O pacto de 1945 era simplíssimo. A Arábia Saudita assegurava o suprimento de petróleo para os Estados Unidos e em contrapartida, a potência americana garantia a segurança da família Saud no poder, a da própria Arábia Saudita e a de seus vizinhos árabes. Esse trato continua funcionando a todo vapor, mas as primaveras árabes, a retirada das tropas americanas do Iraque e do Afeganistão e as descobertas de gás e óleo de xisto nos Estados Unidos estão criando atritos sérios.

Apesar da profunda hostilidade de Riad à ditadura de Saddam Hussein no Iraque, os sauditas não estão nada felizes com o resultado da empreitada americana.

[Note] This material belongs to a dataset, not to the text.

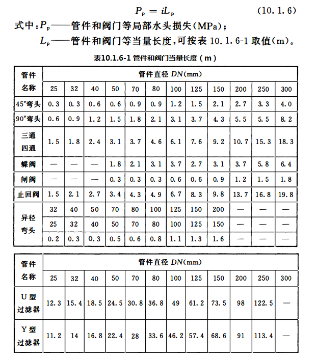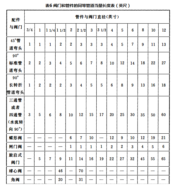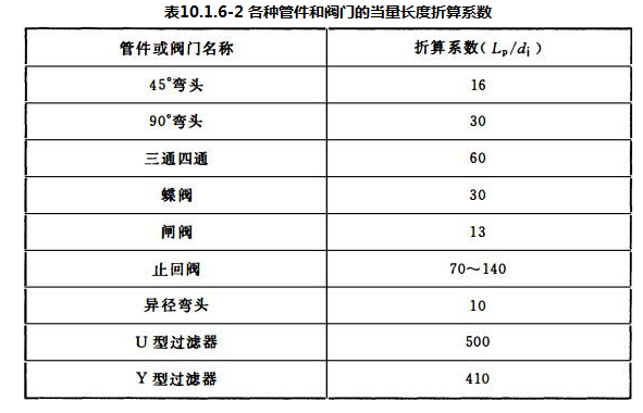 3 表中没有提供管件和阀门当量长度时,可按10.1.6-2提供的参数经计算确定。

Bagdá, que estava em mãos sunitas, passou sob controle de um regime xiita que rapidamente estreitou seus laços com o Irã, inimigo figadal dos Saud. A segunda decepção foi no Egito. O Cairo do governo autoritário de Hosni Mubarak era um aliado chave de Riad contra as ambições regionais iranianas.

O apoio americano aos revoltosos egípcios e depois ao governo de Mohamed Morsi controlado pela Irmandade Muçulmana foi percebido como uma falta de consideração. O sunismo wahabita rigorista dos sauditas considera o sunismo mais moderado da Irmandade como um perigoso concorrente. Sobretudo se ele pode contar com a força e o prestígio de estar no poder no Cairo, verdadeiro centro do Islã árabe.

Aliás, antes de ser destituído, Morsi havia tentado uma aproximação com Teerã, por cima da cabeça dos Saud. E Riad não gostou nem um pouco que Washington tenha criticado o golpe militar que acabou com a festa dos Irmãos Muçulmanos egípcios.

Mas a gota d’água foi a Síria. Os dirigentes sauditas apoiaram desde o início a resistência síria contra o regime sanguinário de Bachar El-Assad, aliado fundamental do Irã no Oriente Próximo. A queda de Assad, substituído por um regime sunita vinculado à Arábia Saudita, seria um golpe fatal à expansão hegemônica dos iranianos na região.

Só que os americanos, depois de terem dado luz verde à ajuda militar saudita aos revoltosos sírios e de terem pedido publicamente uma mudança de regime em Damasco, tiraram o corpo fora. Washington agora não tem o mínimo interesse em promover a tomada de poder na Síria por fundamentalistas islâmicos financiados pelos saudita. Riad ficou pendurado na broxa.

Mas do ponto de vista saudita o pior estava por vir. A abertura de um diálogo sério entre Washington e Teerã sobre o programa nuclear iraniano é visto quase como uma traição. Considerar Bachar Al-Assad como um interlocutor internacional legítimo já foi um verdadeiro presente para os aiatolás iranianos. Mas uma reaproximação, junto com um acordo, entre americanos e iranianos seria reconhecer o papel do Irã como grande potência regional.

Claro ainda não chegamos a isso. Mas os sauditas estão evidentemente nervosos com essa perspectiva, sobretudo que o Irã sempre demonstrou o maior desprezo pelas monarquias do Golfo e de vez em quando não deixa de apoiar as revoltas das minorias xiitas contra os governos sunitas da região. O pesadelo da casa de Saud é que os Estados Unidos, cada vez mais autossuficientes em matéria de petróleo e gás, possam simplesmente atropelar os interesses sauditas.

E sem um grande protetor a sobrevivência da casa de Saud pode se tornar problemática. Mas Riad possui uma arma de destruição em massa: o talão de cheques. Com essa dinheirama toda, a Arábia Saudita ainda pode criar muita confusão para o seu Tio Sam protetor.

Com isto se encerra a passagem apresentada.